Deduplication - Collapse - Pagination

Hi,

I have two data sources - Global (14M records) & customer specific (5M records)
Data - Products with fields - name, description, manufacturer part number (MPN), vendor sku

Some search query.
Output -
Results grouped over MPN with relevancy (most matching doc score decide relevancy of group) from all data sources with deduplication across pages and pagination over grouped results.

Can I use Collapse on MPN with my search query on Unified Data model (differentiating docs by source_type ) here ? with nearly 22M records for fast retrieval.

Is there any other way to do it ?
I can’t pre group global data with customer specific data on MPN need that separation as there can be n customers and single doc can be very large.

Is there any other way to avoid grouping over Global Data source docs as its huge data. Some other ways with queries?

Unified data models -

Product from Global data source (no company_id)

{"mpn": "DELL-G7GV0","company_id": null,"source_type": "icecat","source_id": "80076143","product_name": "DELL G7GV0","description": "DELL G7GV0. Brand compatibility: Dell","manufacturer": "DELL","vendor_sku":"244545"}

Customer specific data

{"mpn": "DELL-G7GV0","company_id": "f1eb99a720ef4f05bfa6beae16aa235c","source_type": "custom_distributor","source_id": "34565434","product_name": "DELL G7GV0","description": "DELL G7GV0. Brand compatibility: Dell","manufacturer": "DELL","vendor_sku":"2345654"}  

@stephenb

Hi @gurcharan_singh Welcome to the community.

A couple house keeping items

First please do not @ people in your topic that have not already joined, doing this is consider not best forum etiquette.

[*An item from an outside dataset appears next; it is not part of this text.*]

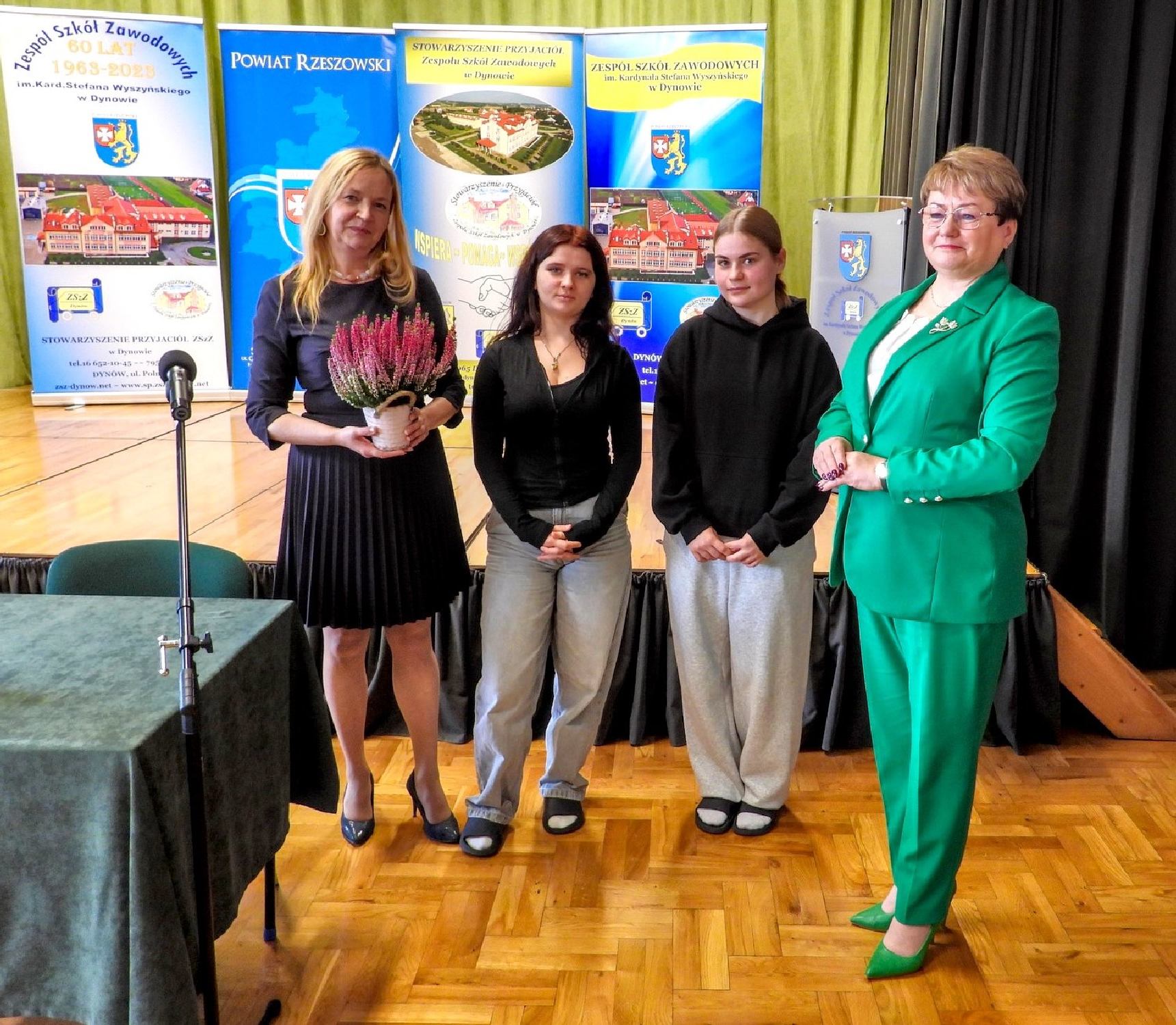 się uroczystość Jubileuszu 80-lecia Liceum Pani Dyrektor Halina Cygan w imieniu Zespołu Szkół Zawodowych im. Kardynała Stefana Wyszyńskiego w Dynowie, a także w imieniu pozostałych dyrektorów szkół i placówek oświatowych prowadzonych przez Powiat Rzeszowski, wspólnie z Panią Elżbietą Klaczak–Łach - dyrektorem LO w Dynowie i Panem Januszem Jakubkiem – dyrektorem ZSTW w Trzcianie, przekazali na ręce Pani Dyrektor - Doroty Tarańskiej-Klęsk, list gratulacyjny, okolicznościowy prezent i kwiaty. W trakcie uroczystości odbył się przepiękny montaż słowno - muzyczny w wykonaniu uczniów, absolwentów szkoły, nauczycieli i zaproszonych gości. Gratulujemy pięknego jubileuszu i dziękujemy za zaproszenie.

And doing so can turn off / limit the people that may answer the question... and in fact this is not my area of expertise :slight_smile: so you have already limited your chance of success....

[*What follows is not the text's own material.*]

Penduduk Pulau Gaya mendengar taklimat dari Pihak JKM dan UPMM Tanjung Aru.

What Version are you running?

You are asking a really broad question like

Can I use Collapse on MPN with my search query on Unified Data model (differentiating docs by source_type ) here ? with nearly 22M records for fast retrieval.

Fast Retrieval can mean many things
You are speaking of your data like we all understand it :slight_smile:

Also you will need to provide further examples like a couple documents and what your expected results.

That will usually help ... the more you provide the more likely you will get help.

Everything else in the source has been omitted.